By partnering with Bison Trails, it potentially opens up Celo’s network to new users, who can now participate in Celo by running nodes with Bison Trails. The idea is to boost Celo’s adoption by getting more users on its network without requiring these users to have any technical core competency or expertise in the protocol-specific blockchain infrastructure.
But why would Bison Trails, a founding member of Libra, want to help a network that positions itself as a direct competitor? In an interview with Decrypt, Bison Trails CEO Joe Lallouz said that his company is, in fact, blockchain “agnostic.” Bison Trails, he said, is ready and willing to work with any project it thinks will move the crypto industry forward in a positive way.

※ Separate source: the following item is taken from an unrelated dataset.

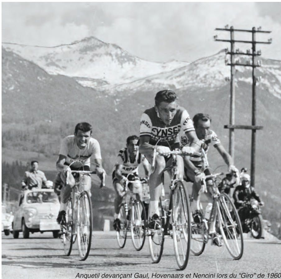
Anquetil devançant Gaul, Hovenaars et Nencini lors du "Giro" de 1960

Du 9 juillet au 12 août, à l'occasion du passage du Tour de France, l'hôtel de ville accueillera une exposition sur Jacques Anquetil.

“We joined both the Libra Association and the Celo Alliance for Prosperity because we believe there’s a need for groups of incentive-aligned participants to help govern, secure, support and further these protocols through collaboration,” Lallouz said.
While Celo is a potential rival to Libra, the projects are different on a technical level, he explained. Libra, for example, is permissioned. The project is governed by the Libra Association, and membership is regularly controlled by Association affiliates. Celo, by contrast, is permissionless and more decentralized, said Lallouz.
But Bison Trails is interested in both projects because they share the same goal of making the world “more financially inclusive,” he said.
“We support both projects, and we believe they can coexist,” said Lallouz. “Our focus is to help these networks have the infrastructure necessary to achieve massive scale and adoption. This aligns with our goal of strengthening the entire blockchain ecosystem to enable the pioneers of tomorrow.”
Bison Trails is not the only company to support both Celo and Libra. Digital asset custody company Anchorage, as well venture capital firms Coinbase Ventures and Andreessen Horowitz, are also backing both projects.